Gathering in the Drift

Keywords: Diaspora, Gathering, Moving Image, Glitches, Intimacy, Collective

Pushing open the graffiti-covered front door of OT301, the audience were at a loss with the long hall of the old Film Academy building. It was ten minutes before the screening  Rebinding Home: Family in the Diaspora by the Miao (渺) Collective established by Yirou Xu,  Audrey Jiang and Yiran Zhao. After some orientation into the space, a few of us walked up the  winding staircase. Others hesitantly followed. There was an unspoken, quite ‘diasporic’ bond on our way to the cinema on the top floor.  

Yirou was still doing soundcheck with the cinema staff. Anxiety started to grow a bit on her. It  is, after all, Miao’s first screening. With its name alluding to the insignificant, the boundless and  the intangible in Chinese, the collective hopes to focus on people and lives in motion, with the  moving image as their witness. The first event featured two films Welcome Back, Farewell (Marcos Yoshi, 2021) and Papaya (Dédé Chen, 2022), both recounting the filmmakers’  reconciliations of being in diaspora.  

Such reconciliations are, on the one hand, lonely tasks, partly because each and every diasporic identity is anchored in its own time, space and the positioning of the subjects themselves. The Jamaican-British sociologist Stuart Hall defines diaspora as “the recognition of a necessary heterogeneity and diversity”; Chicana feminist scholar Gloria Anzalduá compares it to the condition of a Borderland– “a vague and undetermined place created by the emotional residue of an unnatural boundary”; Chinese-American novelist Ha Jin talks about the desire to arrive somewhere and in the meanwhile needing to “become our own monuments” between two cultures and languages.1 A sense of irreplicable singularity permeates the experience of diaspora by those who write about and theorise the term itself. 

Yet on the other hand, there remains the innate thrust of binding to one another, of finding a shared language to articulate these experiences together, for all their singularities. Austrian literary scholar Monika Fluderik, in her writing on multiculturalism, comments on Vijay Mishra’s evocative use of the term ‘diasporic imaginary’ as describing “a landscape of dream and fantasy that answers to their [the diasporic subjects’] desires.”2 For the programmers of Miao, the motif of home constitutes one such locus of binding. It offers a soft ground for the diasporic subject to unleash their vulnerabilities and loneliness. The emotional register of home lends power to open up and work through memories of (in)voluntary displacement. 

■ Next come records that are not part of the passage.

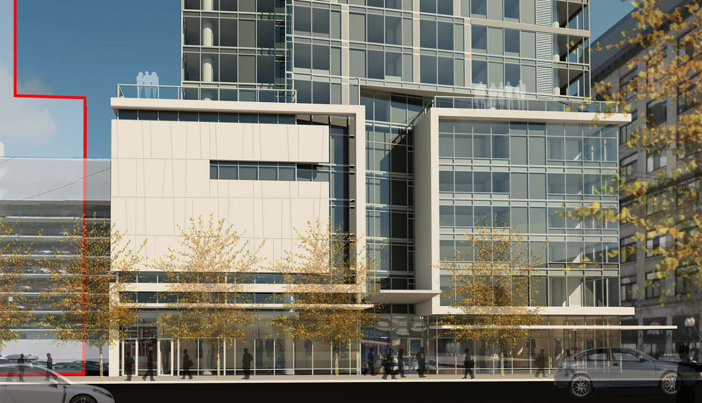 The proposal includes 4,000 square feet of street-level retail and 10 levels of parking, half of it below ground.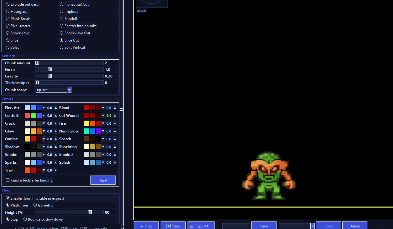 New effects and posibility to dram slice line to cut spritein halw in needed position also new efect Cut Wound for bloody cut...
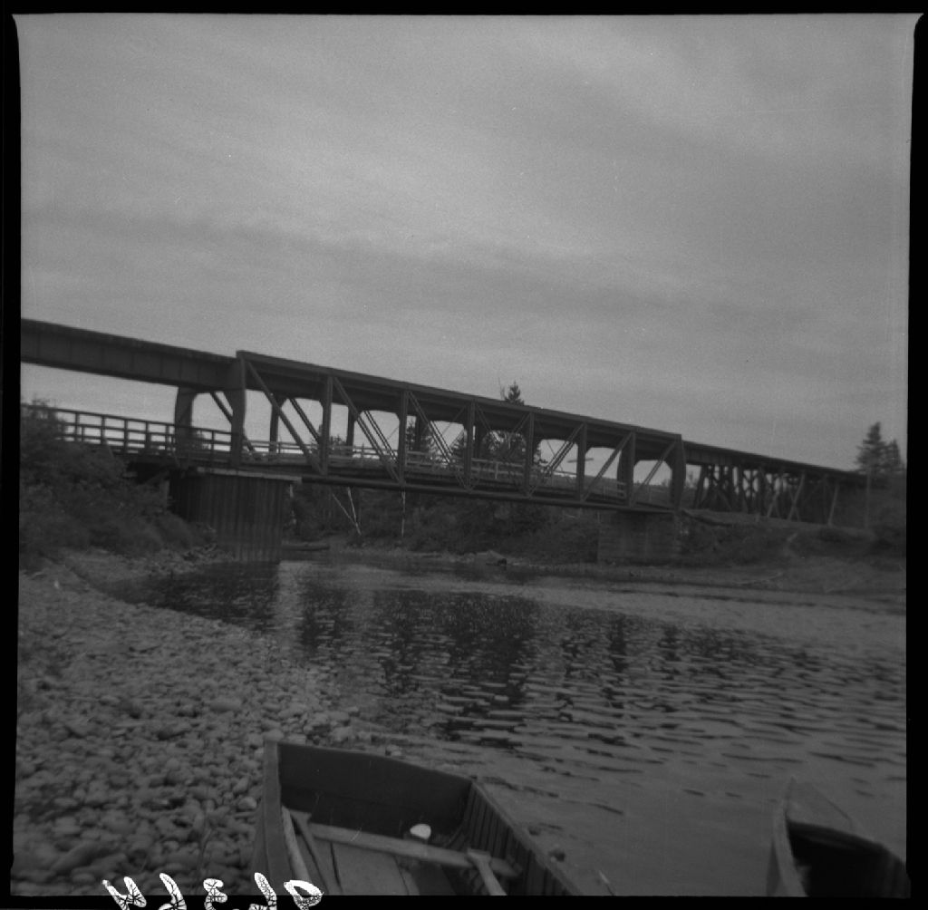 Pont sur la rivière Grande Cascapédia. Pont de chemin de fer Canadien National. Municipalités de Saint-Jules et Cascapédia, comté Bonaventure.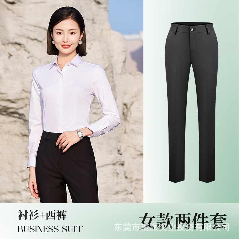 • 여성용 흰색 긴팔 셔츠 + 세트 바지

I still remember the first time Yirou told me about the desire to screen Welcome Back, Farewell last winter. In search of better opportunities in Japan, the parents of Marcos (the director) left him and his two sisters at a young age in São Paulo, only coming back 13 years later. Upon their return, Marcos used the camera as a way of getting to know his parents again. Images captured on screen range from his father’s pinky finger when drinking wine, his mother’s tranquil recollection of  their decision to leave Brazil, and the occasional outburst of tensions that were otherwise unsaid. “I feel everyone can resonate—the complex relationship with our own parents, the failure of reaching a resolution with each other, oftentimes precisely out of love,” said Yirou. 

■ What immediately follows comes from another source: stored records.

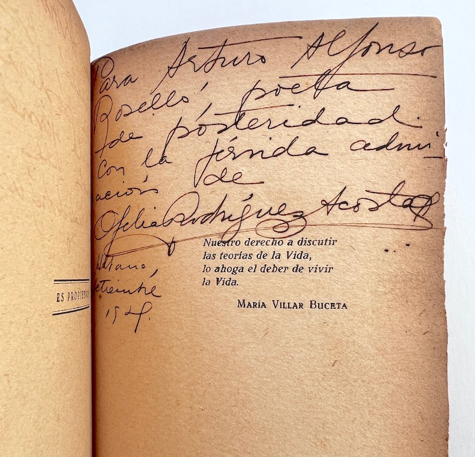 Rare, signed first edition of a novel that "created a vivid argument for female equality" by the novelist and journalist Ofelia Rodríguez Acosta, one of Cuba's most influential suffragists and social reformers. She "enjoyed extraordinary public visibility" through her journalism and editorials in Bohemia. Her radical feminist writings supported free love, reproductive freedom, and homosexual marriage.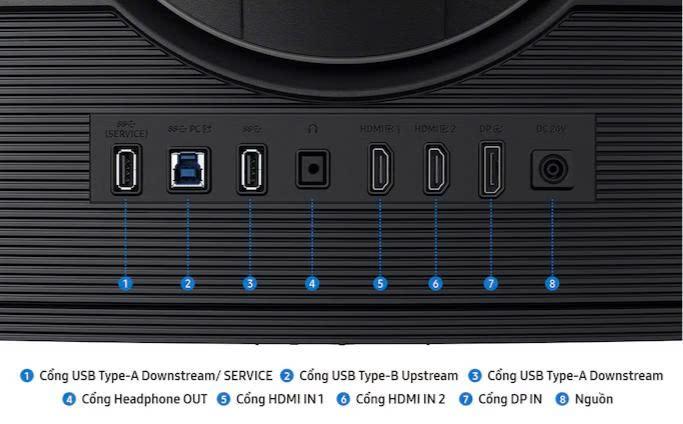 Odyssey G9 LS49DG910SEXXV sở hữu nhiều cổng kết nối hiện đại như HDMI 2.1, Micro HDMI, DisplayPort và USB-C, dễ dàng kết nối với nhiều thiết bị khác nhau. Các tính năng Picture-in-Picture (PIP) và Picture-by-Picture (PBP) hỗ trợ hiển thị đa cửa sổ, cho phép vừa chơi game, vừa xem livestream hoặc làm việc đa nhiệm tiện lợi.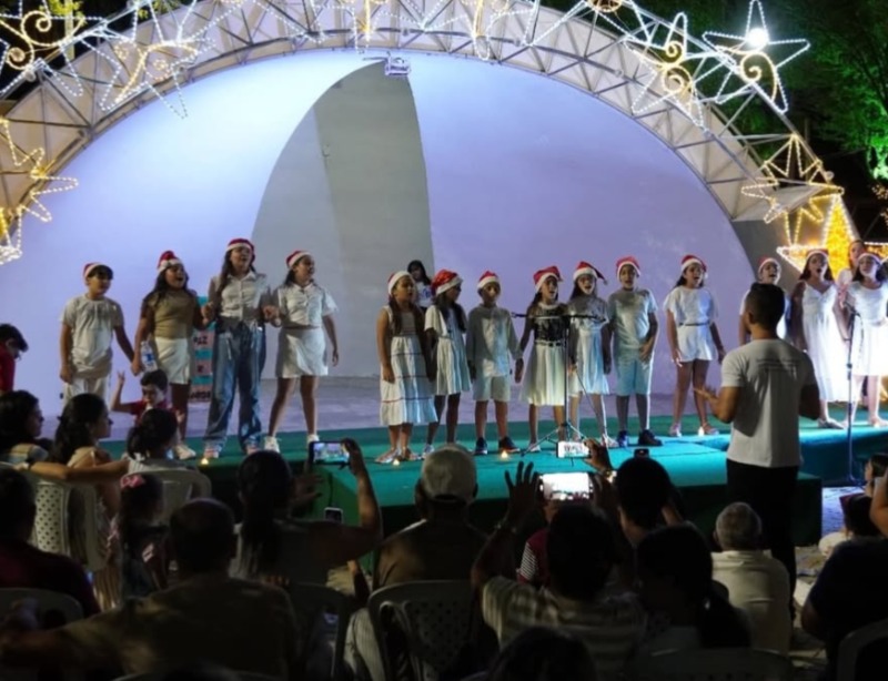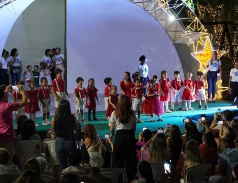 A noite de sábado, 14 de dezembro, reuniu centenas de pessoas na Praça Edvaldo Motta para prestigiar a Cantata Natalina do Centro Educacional Rosa Mística que coloriu a Concha Acústica.

What bound Papaya—an experimental short by Dédé Chen—to the programme, was a similar resort to the first-person as the prism of the collective diasporic past. Starting from 1979, the one-child policy in China for birth planning caused increasing numbers of abandoned children–primarily girls–in orphanages. In the 1990s, the Chinese government made use of international adoption as a way of releasing the burdens on orphanage institutions. Overshadowed by the nation’s buoying rhetoric of entering the market economy and joining globalisation, this wave of displacement remains untold until this day. Were one to recount this history from the here and now, however, from whose perspective shall it be told, and at what scale?  

As a Sino-Canadian adoptée undergoing the experience of incest, Dédé used her art to resist the reiteration of institutional violence that discounts her personal memories. The individual experience here, constitutes the surrogate for a shared history, both as its embodiment and an occasion of enacting history otherwise. Dédé aspired to create something reparative, to foster an intimate space to breathe through the collectivist past. She resorted to the performative arena of dance and theatrical spectacle. Performance, writes American historian Joseph Roach, is centred around “the pleasures and torments of incomplete forgetting.”3 Here, one sees Dédé juxtaposing the home footage of the traditional Chinese opera with contemporary choreography to parse the trauma that lives in her work. At the same time, she uses the motif of the papaya to express female sexuality, pleasure and self-emancipation. The work exposes us to the glitches of the birth-planning machinery and its aftermath, that is, to observe a continual and powerful counterforce from the locus of the body, speaking the language of desire.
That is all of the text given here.